As far as I can tell, the AI has no specialized architecture for deciding about its future strategies or giving semantic meaning to its words. It outputting the string “I will keep Gal a DMZ” does not have the semantic meaning of it committing to keep troops out of Gal. It’s just the phrase players that are most likely to win use in that boardstate with its internal strategy.
Like chess grandmasters being outperformed by a simple search tree when it was supposed to be the peak of human intelligence, I think this will have the same effect of disenchanting the game of diplomacy. Humans are not decision theoretical geniuses; just saying whatever people want you to hear while playing optimally for yourself is sufficient to win. There may be a level of play where decision theory and commitments are relevant, but humans just aren’t that good.
That said, I think this is actually a good reason to update towards freaking out. It’s happened quite a few times now that ‘naive’ big milestones have been hit unexpectedly soon “without any major innovations or new techniques”—chess, go, starcraft, dota, gpt-3, dall-e, and now diplomacy. It’s starting to look like humans are less complicated than we thought—more like a bunch of current-level AI architectures squished together in the same brain (with some capacity to train new ones in deployment) than like a powerful generally applicable intelligence. Or a room full of toddlers with superpowers, to use the CFAR phrase. While this doesn’t increase our estimates of the rate of AI development, it does suggest that the goalpost for superhuman intellectual performance in all areas is closer than we might have thought otherwise.
This is incorrect; they use “honest” intentions to learn a model of message > intention, then use this model to annotate all the other messages with intentions, which then they then use to train the intent > message map. So the model has a strong bias toward being honest in its intention > message map. (The authors even say that an issue with the model is it has the tendency to spill too many of its plans to its enemies!)
The reason an honest intention > message map doesn’t lead to a fully honest agent is that the search procedure that goes from message + history > intention can “change its mind” about what the best intention is.
This is correct; every time AI systems reach a milestone earlier than expected, this is simultaneously an update upward on AI progress being faster than expected, and an update downward on the difficulty of the milestone.
I’d like to push back on “AI has beaten StarCraft”. AlphaStar didn’t see the game interface we see, it just saw an interface with exact positions of all its stuff and ability to make any commands possible.

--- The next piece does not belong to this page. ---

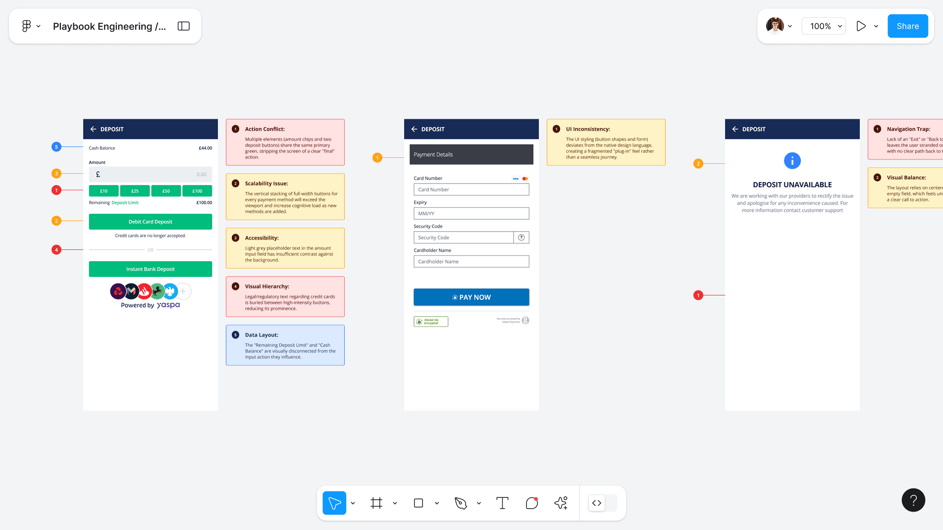 To ensure the new flow felt intuitive, I leant on Jakob’s Law, benchmarking the wireframes against industry leaders to meet existing user expectations. By putting the payment method choice into its own view, I cleared the main deposit screen of clutter. This architecture was a strategic move to handle a technical limitation: while we control the deposit flow, the actual processing screens for payment methods are handled by a third-party iFrame. This setup ensures a seamless handoff while keeping our core UI consistent.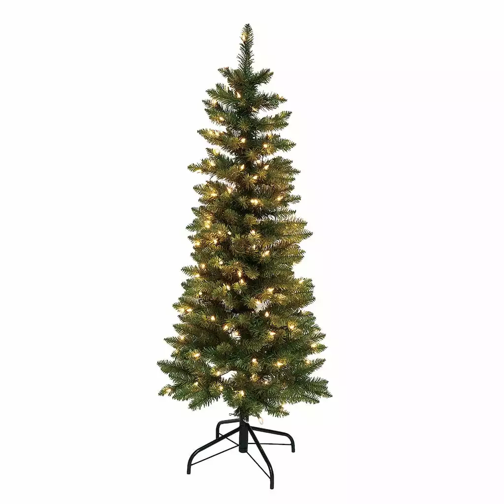 Have yourself a very merry Christmas with this artificial Christmas tree. This green artificial Christmas tree is accented with glitter and features 276 branch tips and 150 clear lights for a charming holiday ambiance. This lovely tree is ready to showcase your favorite trimmings season after season.

It’s far from the mouse-and-keyboard that humans are limited to, and in SC that’s a big limitation. When the AI can read the game state from the pixels and send mouse and keyboard inputs, then I’ll be impressed.

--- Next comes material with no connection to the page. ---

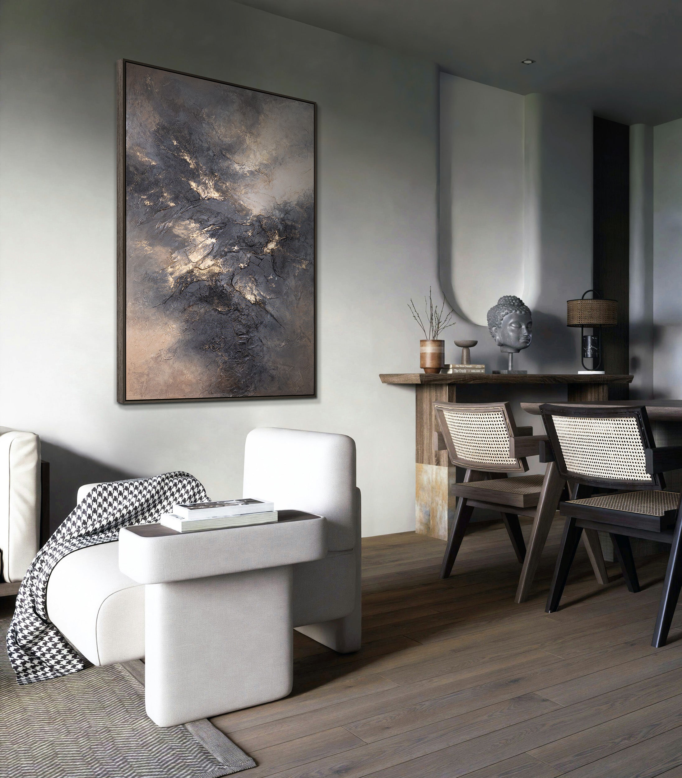Esta pintura abstracta se adapta perfectamente a estilos de decoración modernos, elegantes y minimalistas. Aporta una atmósfera expresiva al salón, dormitorio u oficina, convirtiéndose en el punto central de tu diseño de paredes.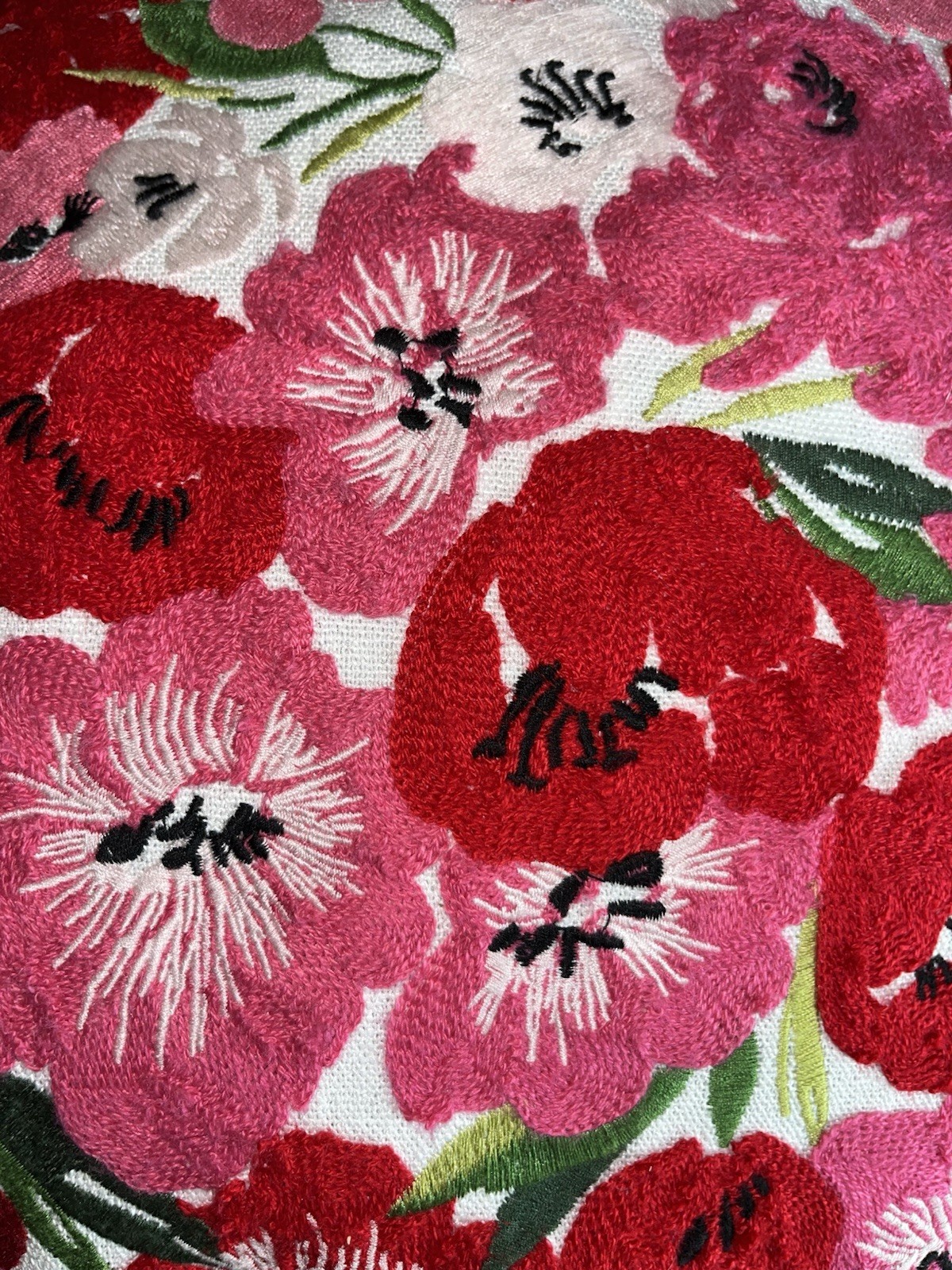 Papyrus Garden 14" Round Embroidered Poppy Flower Pillow Add a touch of botanical elegance to your home with this 14-inch round decorative pillow from the Papyrus Garden collection. Featuring a vibrant bouquet of embroidered poppy flowers, this cushion offers rich texture and artisanal detail. Key Features: Intricate Embroidery: Beautifully detailed red poppies on a high-quality fabric base. Shape & Size: Unique 14-inch round design, perfect for armchairs or sofas. Versatile Style: Complements boho, farmhouse, or traditional garden-themed decor.

I think that this is true of the original version of alphastar, but they have since trained a new version on camera inputs and with stronger limitations on apm (22 actions/5s) (Maybe you’d want some kind of noise applied to the inputs still, but I think the current state is much closer to human-like playing conditions.) See: https://www.deepmind.com/blog/alphastar-grandmaster-level-in-starcraft-ii-using-multi-agent-reinforcement-learning
Ah I didn’t know they had upgraded it. I’m much more satisfied that SC2 is solved now.